Буба вздрогнул от выстрела. Выстрел показался невероятно громким, он будто прозвучал на весь город.

– За брата! – Второй выстрел. – За ребят! – Третий выстрел. – За меня! – Четвертый. – За семь лет каторги! – Пятый. – За ублюдка! – Шестой. – За шваль! – Седьмой.

Буба смотрел, как вылетает огонь из дула, вздрагивал после каждого выстрела и не понимал, почему Хижняк стоит. А он стоял столбом! Буба подумал – пули, наверное, холостые, захотелось Никитке попугать начальника, не подумал, дурак, что завтра загремит на нары… И вдруг Хижняк после седьмого выстрела рухнул. Послышались крики:

– Стреляют! Караул!

Никита стоял над телом Хижняка и не думал убегать.

– Бежим! – кинулся к нему Буба.

– Шпионил?! – очнулся Никита.

– Да! – зашипел Буба, увлекая его за собой. – Чтоб с тобой беды не приключилось. Да шевелись ты! Я лаз знаю.

Больше уговаривать не пришлось, так как в доме пошло оживление, Никита и Буба кинулись наутек. Отбежав достаточно далеко, они приостановились, шумно дышали.

– Ты что наделал? Идиот! – ругался Буба. – Начнут разбираться…

– Отстань. Я этого часа долго ждал.

– Значит, так! – соображал Буба. – Я пришел, ты был дома, мы слушали радио…

– На радио попадемся, – перебил его Никита. – Мы не знаем, какая передача была, что в ней говорилось.

– Тогда не надо про радио, – согласился Буба. – Я пришел, мы поужинали, я поиграл тебе на скрипке, потом легли спать.

– А если Кузьма раньше нас пришел?

– Кузьма, черт! – застонал Буба. – Ну, ты и дурак! Какой дурак! Скажем, ходили… Куда мы ходили? Пошевели мозгами!

– Не гоношись. Может, Кузьма еще не пришел.
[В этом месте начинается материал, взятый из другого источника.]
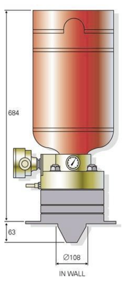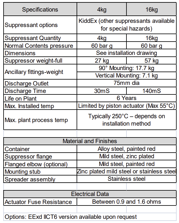 3kg, 4kg 또는 16kg의 분말 억제제를 채우고 건조 질소로 60bar(880psi)로 가압한 원통형 합금강 용기. 플랜지 내부에는 래치로 닫힌 상태로 유지되는 빔으로 지지되는 힌지 플랩이 있습니다. 2개의 피스톤 비폭발 각도기 작동 액추에이터가 개방을 시작하는 데 사용됩니다. 액추에이터가 연결된 제어 장치의 전기 임펄스를 통해 활성화되면 피스톤이 래치를 움직여 플랩을 열 수 있습니다. 그런 다음 질소는 스프레더 어셈블리를 통해 보호된 볼륨으로 억제제를 빠른 속도로 배출합니다.

– Ну, зачем, зачем ты это сделал?!

– Кто-то должен был убрать эту сволочь. Таким человеком стал я, – угрюмо ответил Никита.

Они пошли размеренным шагом к дому, некоторое время молчали, а думали об одном и том же – о Хижняке.

– И я не жалею! – неожиданно сказал Никита. – Следующий поостережется измываться над людьми.

Буба снова начал ругаться, теперь уже без пауз. Огарев не произносил ни слова, шел молча. А дома с облегчением вздохнули – Кузьма не вернулся.


– Я могу понять, за что Огарев убил Хижняка, – сказал Щукин. – Хотя самосуд – удел дикарей. А Фрола Самойлова за что? Как он мог?

– Да не собирался он убивать его, даже не думал об этом.

– Но убил.

– У вас, молодой человек, так просто выходит. Убил… А если… наказал?

– Простите, он не имел морального права наказывать. Представьте: завтра все, кому не лень, будут наказывать обидчиков… Вам не страшно?

– А за что нас наказали? Вы мне ответите? Я даже не беру в расчет концлагерь, то война была, у нее собственные правила. А после войны за что?

– Понимаю, в вас боль и обида за перенесенные страдания говорят…

– Только не надо пышных фраз! – покривился Софрон Леонидович. – Я их наслушался за свою жизнь. Хорошо, я попробую настроить вас несколько иначе по отношению к Никите. Не все так просто, как вам видится. Боль… Что вы о ней знаете? Не перебивайте, я предвижу вашу следующую фразу, лучше слушайте, а там… как хотите, думайте. Когда нас пронесло после расстрела Хижняка, то есть мы не попали под подозрения, Никита уехал на Север, оттуда писал письма. Это были великолепные, полные метафор письма… Вы, простите, знаете, что такое метафора?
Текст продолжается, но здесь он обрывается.